📜 ⬆️ ⬇️

Monitoring in IT, how to organize work

In this article I want to share my experience in the organization of the IT monitoring system. Here one of the possible solutions to organizational problems will be considered, the technical aspects of modern monitoring systems will not be discussed. I want to clarify right away that in my case, the monitoring objects are exclusively IT components: servers, operating systems, databases, transactions, etc. d.



Every time in my professional activities, solving the task of building an integrated IT monitoring system, I try to adhere to this approach, which allows the customer to receive a well-functioning monitoring system.

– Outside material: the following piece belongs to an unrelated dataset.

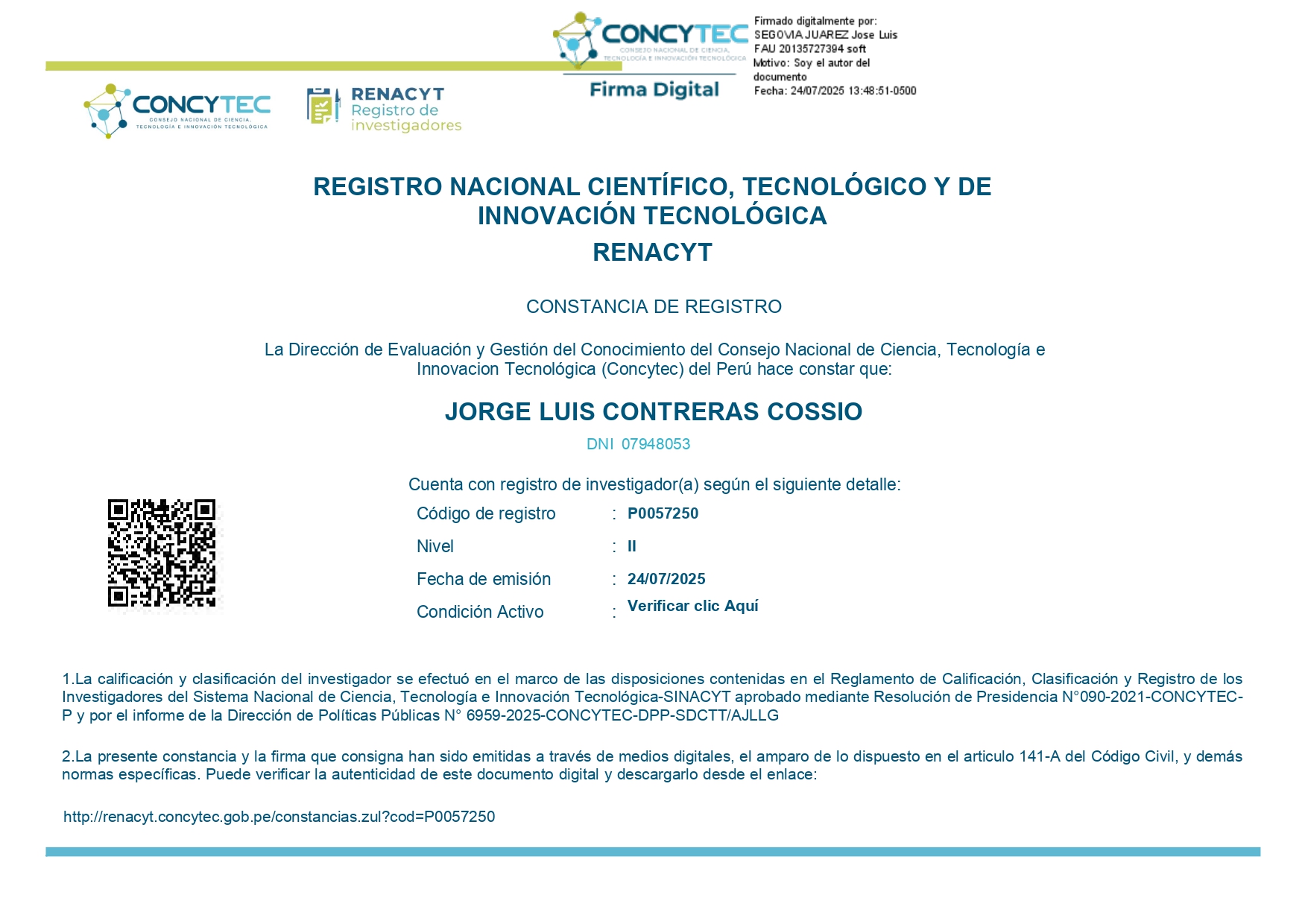 Registro de investigador nacional RENACYT

The approach is universal, convinced that it can find its application and not in the IT field.

As happens


By the nature of their activities, they often encounter monitoring systems, which after introduction are evenly covered with a thick layer of dust, and those for whom the systems were created safely forget about their existence, and only hard-working servers continue to consume electricity from data centers in good faith.
And further! what is remarkable - the software used in such “grief” systems is the most modern, the most expensive, and there can be no complaints about technical flaws. But the system administrator, as he received notifications of failures, using his proven script for years, still gets it! I can supplement the picture with the administrator with the following familiar syndromes:

What is monitoring for?


To prepare the reader for further reading, I want to add a few definitions:
The monitoring system is a system that detects the deviation of the observed parameter from a given norm and as a result performs a certain action.
Monitoring tasks:

I am also convinced that a modern monitoring system in IT must necessarily provide a greater number of functions, for example: collecting and storing values ​​of monitored parameters, predicting possible failures, automatic detection of infrastructure components, etc. But the performance of two main functions (Detection and Action) makes the system a monitoring system.
Another couple of definitions:
Customer - a person interested in receiving monitoring services.
Provider - the person providing the monitoring service.
')

Definition of the rules of the game (regulations)


So who is such a Customer is, as a rule, a person responsible for the functioning of a service, software, or even just a server within an organization, it is from him that they are asked for the quality of functioning of the listed facilities.
The provider has the ability to organize monitoring for the Customer, the necessary objects of their parameters for the timely detection or prevention of failure.
So! It is necessary to determine certain rules of interaction between the Customer and the Provider. The study of this issue is a necessary measure to create a comfortable interaction environment, because the Customer is a responsible person and he needs to understand how responsibility will be distributed between him and the Monitoring Provider.
Once again I want to note in one form or another, but the rules should be!
Regulations - a document that defines the rules of interaction and rules for the distribution of responsibilities between the Customer and the Provider.
Here is a list of questions that the rules should answer:

Request


The main document of interaction between the Customer and the Provider will be the Application for monitoring.
An application is a document in which all the requirements of the Customer are formalized for the tasks that he intends to solve with the help of the monitoring system.
I propose to describe all the rules for filling, approving, testing, putting into operation in the regulations, as well as the list of persons eligible to act as the Customer.
An application is like a small contract that corresponds to a certain form between the customer and the Provider, and it will also be the main means of resolving disputes between them, for example: “Whether monitoring was able to accomplish its task in the manner prescribed in the Application!”
The method of registration of the application depends on the methods of maintaining documents used in the organization:

Application structure


So I have already talked about the two most important things in the organization of the monitoring system: The regulation is one time, the Application is two. Here the reader can cry out “Like this, that's not enough!”. I will answer: "Of course, not enough, the rest is just not included in the scope of this article."
Now I want to add technical details, I will give an example of the structure of the Application that I had to use. And since I’m going to talk further about technical details, then everyone who is ready to finish reading this article at this very place, I invite you to the discussion, I will be happy to discuss the issues that have arisen.
Let's return in the structure of the application, I can describe the application in the form of the following groups:

General:
Here I propose to determine the unique identifier of the application, maintain versioning, maintain status, etc.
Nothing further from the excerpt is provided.